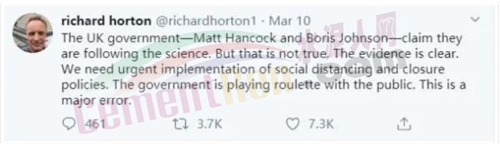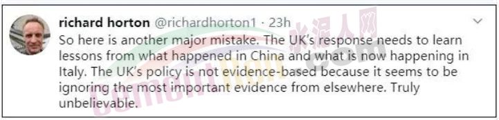 言辭更激烈的是國際權(quán)威醫(yī)學(xué)期刊《柳葉刀》的主編Richard Horton,稱英國政府的決策并不是依據(jù)科學(xué)做出的,而是在拿公眾的安危玩兒“輪盤賭注”,是個重大的錯誤。
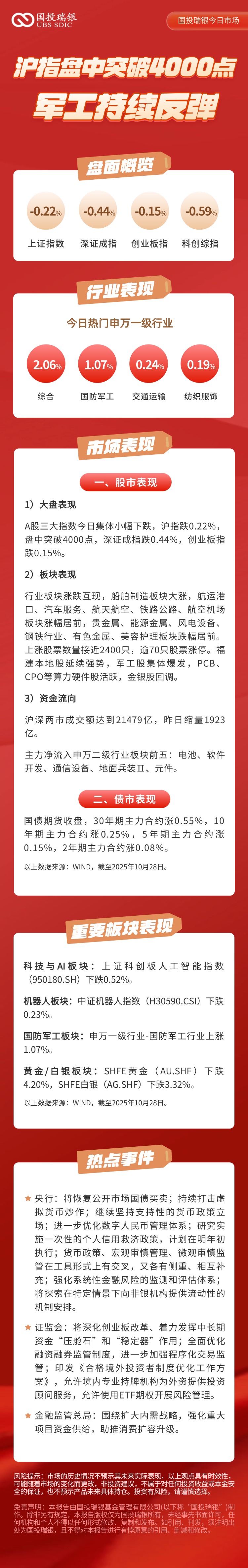 10月28日:沪指盘中突破4000点,军工持续反弹!
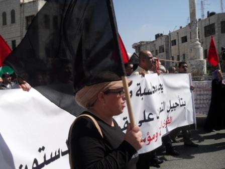 At midday today, Monday 5th October, a demonstration to protest the Palestinian Authority’s action in scuttling the Goldstone Report of the UN Human Rights Council’s Fact Finding Mission to Gaza was held in Ramallah. It had been called over the weekend by a collective of Palestinian civil society including political parties, development organisations, human rights NGOs, and concerned individuals. The demonstration was to give a voice on the streets to the increasing frustration and despair with the unrepresentative and deeply unpopular policies and practices of the Palestinian Authority. (http://www.maannews.net/eng/ViewDetails.aspx?ID=229802 )
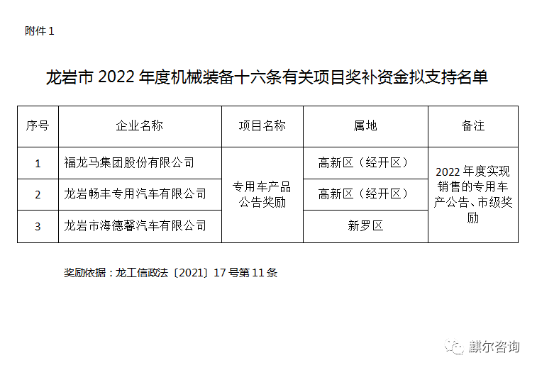 附件:1.龙岩市2022年度机械装备十六条有关项目奖补资金拟支持名单
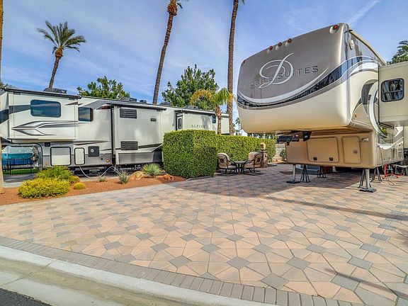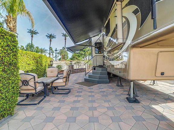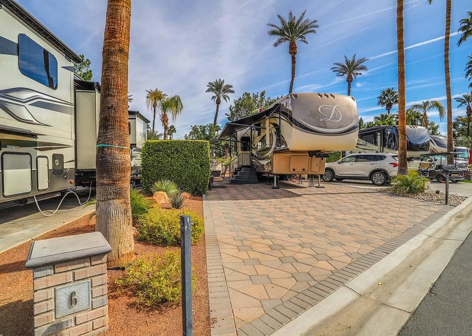 Location, location, location! This lot is located across the street from the golf course and close to the entrance and exit for easy access. This lot has been remodeled, expanded and extended with pavers and a gorgeous privacy hedge. Views are abundant from this beautiful lot. Outdoor Resorts Palm Springs is a Five Star RV Resort Community combining luxury with affordability. It is a guard gated resort that sits on 137 beautifully landscaped acres with 27 holes of executive golf, 10 tennis courts, 13 pickleball courts, 8 swimming pools, a fully equipped fitness center, espresso bar, sports bar, beauty salon/barber shop, full-service restaurant, convenience store, 2 club houses, activities, special events and so much more.
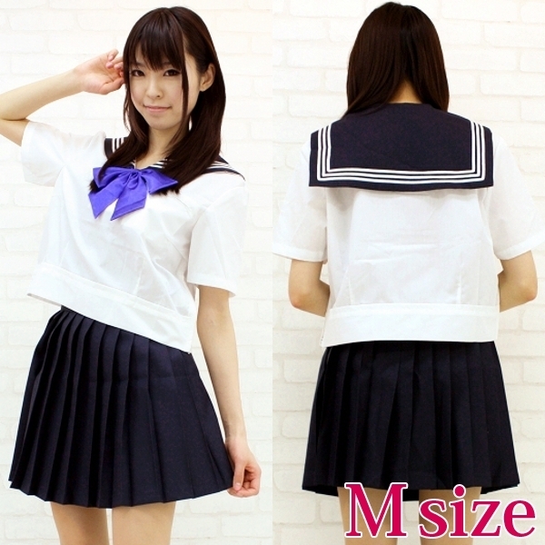 青いリボンが爽やか!キュートな半袖セーラー服コスプレ。3本ラインが特徴の上着はサイドファスナー付き、スカートはアジャスターでサイズ調節も可能!クオリティの高さが自慢の、お嬢様系スクール制服コスプレです。※水洗い不可、塩素系漂白剤による漂白不可、アイロンは中温で当て布使用、ドライクリーニング可、色落ちの可能性があります。※こちらの商品は在庫の状況によりお届けまでに4日〜7日程度かかる場合がございます。
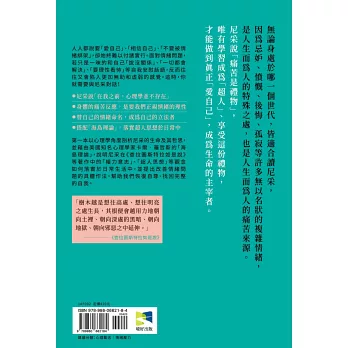 第一本以心理學角度剖析尼采的生命及其哲思,並藉由美國知名心理學家卡爾‧羅哲斯的「海島理論」,說明尼采在《查拉圖斯特拉如是說》等著作中的「權力意志」、「超人思想」等觀念如何落實於日常生活中,並提出改善情緒問題的具體作法,幫助我們恢復自尊、找回完整的自我。
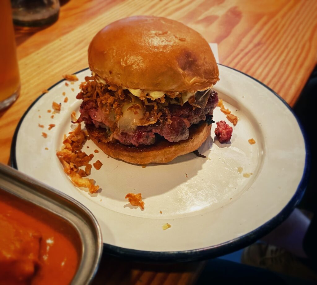 Riconosciuto da tutti i londinesi come uno dei migliori della capitale, il Bacon Butter Burger di Burger & Beyond ha deliziosamente distrutto ogni mia certezza in materia di hamburger, sbattendomi in faccia la realtà di quanto poco in Italia sia radicata una vera cultura dell’iconico panino, fino a prova contraria nato ad Amburgo. Come ha fatto? Primo con la bontà della carne. Tutte le patty di B&B sono realizzate con la carne di Swaledale Foods, una “macelleria” che seleziona bovini da razze autoctone allevati in fattorie locali nelle valli dello Yorkshire. Il bestiame viene allevato in un ambiente totalmente ruspante, nutrendosi di erba, fieno e insilati, ottenendo una carne succulenta, marmorizzata e ricca di sapore. Le razze autoctone impiegano più tempo a maturare rispetto alle razze bovine commerciali poiché non crescono così rapidamente, il che è ciò che conferisce alla carne il suo incredibile sapore. Tutta la nostra carne viene frollata per un periodo compreso tra 28 e 45 giorni. Nei nostri frigoriferi utilizziamo anche pareti di sale dell’Himalaya per creare l’ambiente perfetto per il processo di invecchiamento a secco. Concentra il sapore della carne e purifica l’aria nella stanza, consentendo una stagionatura prolungata senza deterioramento. Ciò si traduce in un prodotto unico, secco, dolce e saporito. Perciò gli altri “pro” puoi anche scoprirli da solo. Ah, oltre che a Camden Town, puoi trovare i ragazzi di Burger & Beyond anche a Shoreditch, Soho…
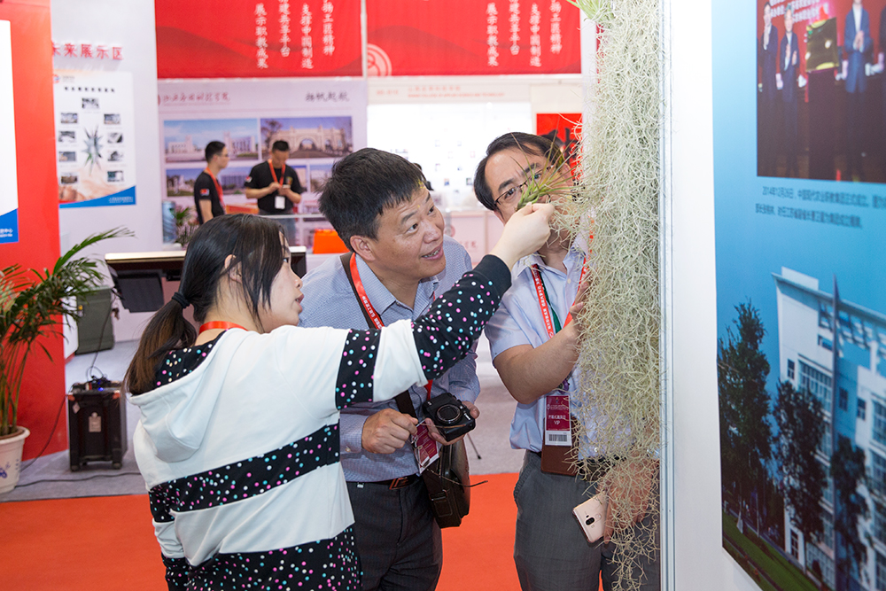 在产教融合、服务社会、人才培养等方面发展所取得的成效和特色。其中空气凤梨的产业化开发、无土草坪生产应用和茶艺表演等更是吸引了众多观众驻足。巫建华院长、贾君副院长在展会期间到场,并与相关兄弟院校和企业进行了交流。
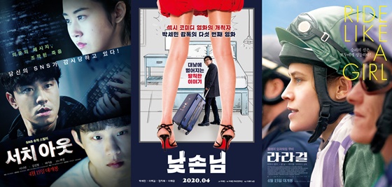 신종 코로나 바이러스 감염증(코로나19) 여파로 극장가에서는 외화의 공세가 이어졌다. 그러나 이번에는 한국 영화 두 편이 관객과 만날 준비를 마쳤다. 장르가 다른 '서치 아웃', '낮손님'이 관객의 선택을 기다리고 있다. 여기에 외화 '라라걸'도 가세했다.

Your objective - Everything from the line above that contains "10月28日:沪指盘中突破4000点,军工持续反弹!" down to the line that contains "Location, location, location!" must be reproduced exactly, both ends included. Omit the pictures.

Exercise answer -
 10月28日:沪指盘中突破4000点,军工持续反弹!
 At midday today, Monday 5th October, a demonstration to protest the Palestinian Authority’s action in scuttling the Goldstone Report of the UN Human Rights Council’s Fact Finding Mission to Gaza was held in Ramallah. It had been called over the weekend by a collective of Palestinian civil society including political parties, development organisations, human rights NGOs, and concerned individuals. The demonstration was to give a voice on the streets to the increasing frustration and despair with the unrepresentative and deeply unpopular policies and practices of the Palestinian Authority. (http://www.maannews.net/eng/ViewDetails.aspx?ID=229802 )
 附件:1.龙岩市2022年度机械装备十六条有关项目奖补资金拟支持名单
 Location, location, location! This lot is located across the street from the golf course and close to the entrance and exit for easy access. This lot has been remodeled, expanded and extended with pavers and a gorgeous privacy hedge. Views are abundant from this beautiful lot. Outdoor Resorts Palm Springs is a Five Star RV Resort Community combining luxury with affordability. It is a guard gated resort that sits on 137 beautifully landscaped acres with 27 holes of executive golf, 10 tennis courts, 13 pickleball courts, 8 swimming pools, a fully equipped fitness center, espresso bar, sports bar, beauty salon/barber shop, full-service restaurant, convenience store, 2 club houses, activities, special events and so much more.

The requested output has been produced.